For Immediate Release
August 18, 2003
The U.S. Department of Commerce announced today the imposition of a $165,000 fine and a three-year denial of export privileges on E & M Computing Ltd. (E&M), of Ramat-Gan, Israel, to settle multiple charges that the company violated the Export Administration Regulations (EAR) when it sold and serviced computers and computer components to three customers in Israel, including a nuclear research center. The denial period was suspended for three years, and will thereafter be waived if the company does not violate U.S. export control laws during the period of suspension.
The Commerce Department’s Bureau of Industry and Security (BIS) charged that E&M caused the export of central processing units (CPUs), a workstation, a server, and a high performance computer to Israel without the required export licenses. BIS also charged that E&M evaded the EAR by purchasing computers from another vendor after learning that BIS would deny the first vendor’s license application to export the items.
In addition, BIS charged that E&M “loaned” a computer to
a customer until a BIS license could be obtained, and then provided false
and misleading information in support of the license application. E&M
later attempted to avoid detection of this loan by removing the computer from
the end-user when they were notified that BIS officials were planning to conduct
a post-shipment verification.
In other instances, E&M upgraded computers above the export control threshold with CPUs from its own warehouse. E&M also sold or loaned a server to a customer without authorization, after learning that a BIS license was required. Finally, E&M failed to disclose these upgrades to BIS when filing notifications required by the National Defense Authorization Act of 1998.

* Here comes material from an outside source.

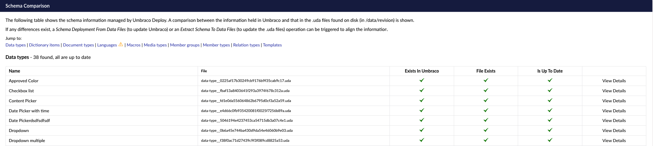 You can see a comparison between the information that is held in Umbraco and the information in the `.uda` files on disk.

“This case demonstrates that companies may not evade the license requirements on exports of computer equipment by making illegal upgrades and transfers in-country. BIS will continue to pursue efforts by companies to circumvent U.S. export controls,” said Acting Assistant Secretary of Commerce for Export Enforcement Lisa Prager.
Acting Assistant Secretary Prager commended Special Agent Erin Kelly of BIS’s
San Jose Field Office for her efforts in this investigation.